WHAT IS NEEDED | This task calls for every entry below to be repeated exactly, without the pictures.

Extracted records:

+++

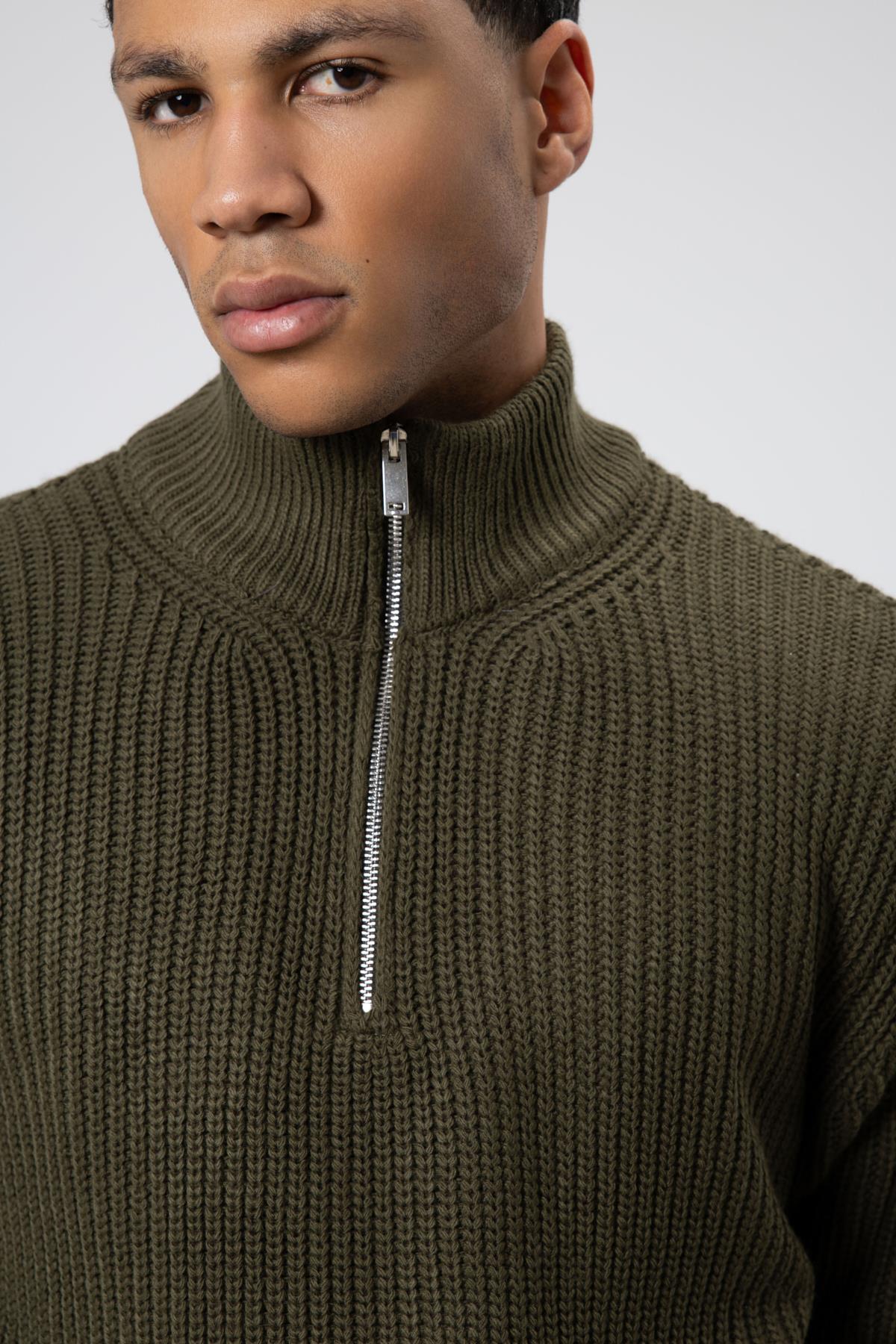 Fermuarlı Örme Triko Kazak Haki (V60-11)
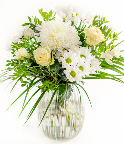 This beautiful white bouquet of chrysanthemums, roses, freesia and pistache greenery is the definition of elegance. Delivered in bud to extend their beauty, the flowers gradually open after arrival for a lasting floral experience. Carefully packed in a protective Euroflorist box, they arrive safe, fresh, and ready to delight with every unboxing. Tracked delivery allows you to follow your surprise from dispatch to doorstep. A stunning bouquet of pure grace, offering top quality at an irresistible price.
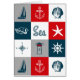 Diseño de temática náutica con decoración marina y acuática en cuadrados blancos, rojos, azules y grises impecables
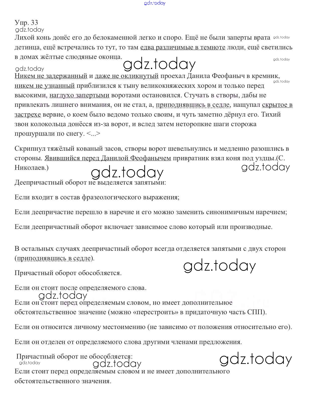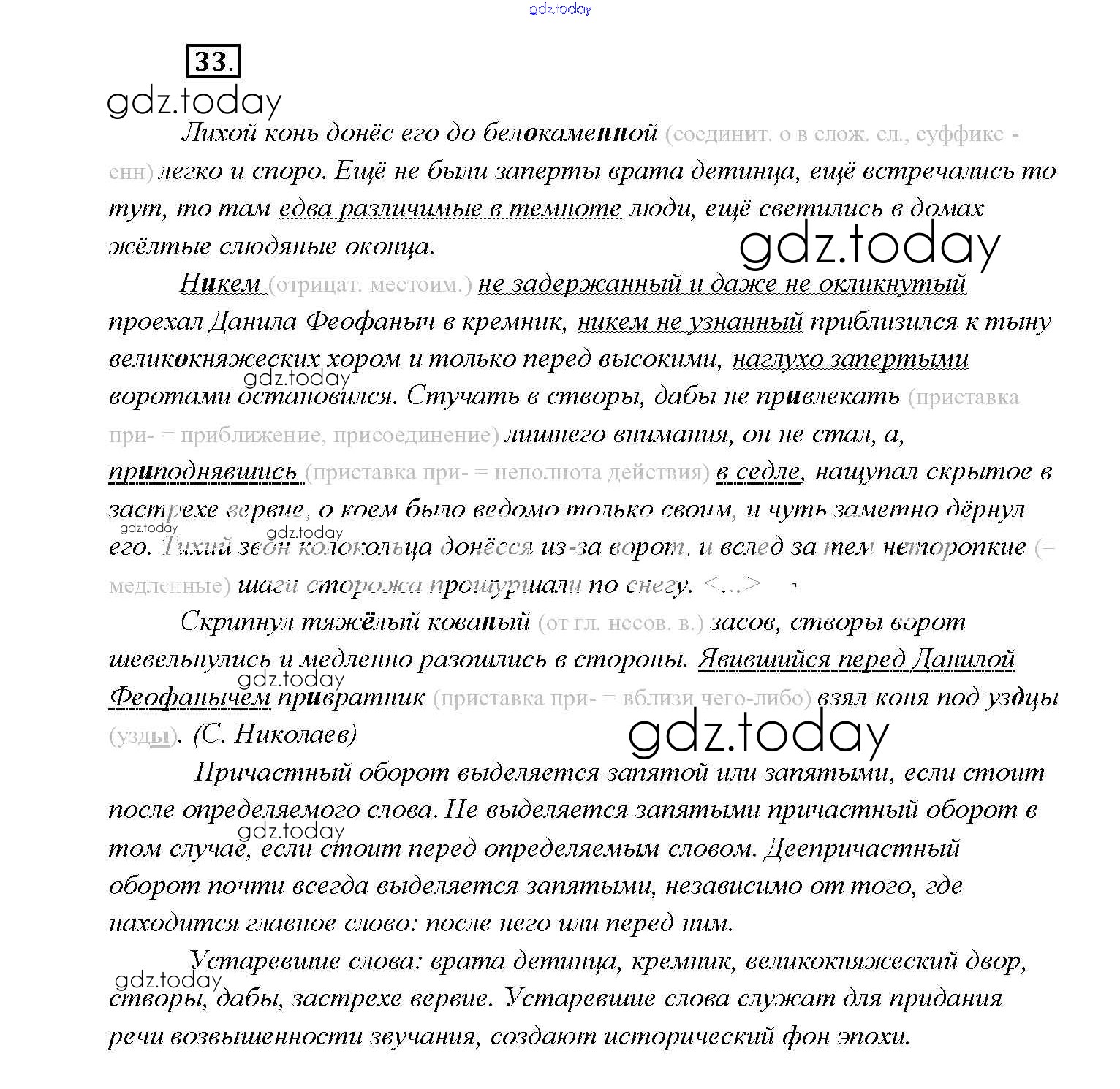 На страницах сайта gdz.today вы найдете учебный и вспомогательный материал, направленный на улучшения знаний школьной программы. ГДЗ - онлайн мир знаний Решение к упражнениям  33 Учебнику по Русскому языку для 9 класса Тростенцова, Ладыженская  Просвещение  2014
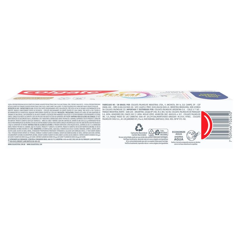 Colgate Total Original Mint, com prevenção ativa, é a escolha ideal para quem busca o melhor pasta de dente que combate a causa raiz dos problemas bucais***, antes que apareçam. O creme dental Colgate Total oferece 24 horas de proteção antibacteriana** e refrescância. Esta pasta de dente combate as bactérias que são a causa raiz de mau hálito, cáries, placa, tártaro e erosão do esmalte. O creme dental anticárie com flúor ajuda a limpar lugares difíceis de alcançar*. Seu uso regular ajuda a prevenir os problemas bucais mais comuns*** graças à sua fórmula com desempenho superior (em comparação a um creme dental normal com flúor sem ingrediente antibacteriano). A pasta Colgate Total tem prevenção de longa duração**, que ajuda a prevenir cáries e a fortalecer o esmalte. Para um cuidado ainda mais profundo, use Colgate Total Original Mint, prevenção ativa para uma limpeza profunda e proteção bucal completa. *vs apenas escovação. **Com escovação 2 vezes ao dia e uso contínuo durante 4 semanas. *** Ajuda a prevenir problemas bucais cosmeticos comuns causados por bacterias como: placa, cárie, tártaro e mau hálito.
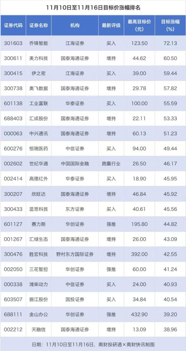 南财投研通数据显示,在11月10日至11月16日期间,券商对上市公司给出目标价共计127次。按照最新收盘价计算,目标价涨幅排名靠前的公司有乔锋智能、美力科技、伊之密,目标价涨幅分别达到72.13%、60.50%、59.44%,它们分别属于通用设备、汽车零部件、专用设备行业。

+++

RESULT |
 Fermuarlı Örme Triko Kazak Haki (V60-11)
 This beautiful white bouquet of chrysanthemums, roses, freesia and pistache greenery is the definition of elegance. Delivered in bud to extend their beauty, the flowers gradually open after arrival for a lasting floral experience. Carefully packed in a protective Euroflorist box, they arrive safe, fresh, and ready to delight with every unboxing. Tracked delivery allows you to follow your surprise from dispatch to doorstep. A stunning bouquet of pure grace, offering top quality at an irresistible price.
 Diseño de temática náutica con decoración marina y acuática en cuadrados blancos, rojos, azules y grises impecables
 На страницах сайта gdz.today вы найдете учебный и вспомогательный материал, направленный на улучшения знаний школьной программы. ГДЗ - онлайн мир знаний Решение к упражнениям  33 Учебнику по Русскому языку для 9 класса Тростенцова, Ладыженская  Просвещение  2014
 Colgate Total Original Mint, com prevenção ativa, é a escolha ideal para quem busca o melhor pasta de dente que combate a causa raiz dos problemas bucais***, antes que apareçam. O creme dental Colgate Total oferece 24 horas de proteção antibacteriana** e refrescância. Esta pasta de dente combate as bactérias que são a causa raiz de mau hálito, cáries, placa, tártaro e erosão do esmalte. O creme dental anticárie com flúor ajuda a limpar lugares difíceis de alcançar*. Seu uso regular ajuda a prevenir os problemas bucais mais comuns*** graças à sua fórmula com desempenho superior (em comparação a um creme dental normal com flúor sem ingrediente antibacteriano). A pasta Colgate Total tem prevenção de longa duração**, que ajuda a prevenir cáries e a fortalecer o esmalte. Para um cuidado ainda mais profundo, use Colgate Total Original Mint, prevenção ativa para uma limpeza profunda e proteção bucal completa. *vs apenas escovação. **Com escovação 2 vezes ao dia e uso contínuo durante 4 semanas. *** Ajuda a prevenir problemas bucais cosmeticos comuns causados por bacterias como: placa, cárie, tártaro e mau hálito.
 南财投研通数据显示,在11月10日至11月16日期间,券商对上市公司给出目标价共计127次。按照最新收盘价计算,目标价涨幅排名靠前的公司有乔锋智能、美力科技、伊之密,目标价涨幅分别达到72.13%、60.50%、59.44%,它们分别属于通用设备、汽车零部件、专用设备行业。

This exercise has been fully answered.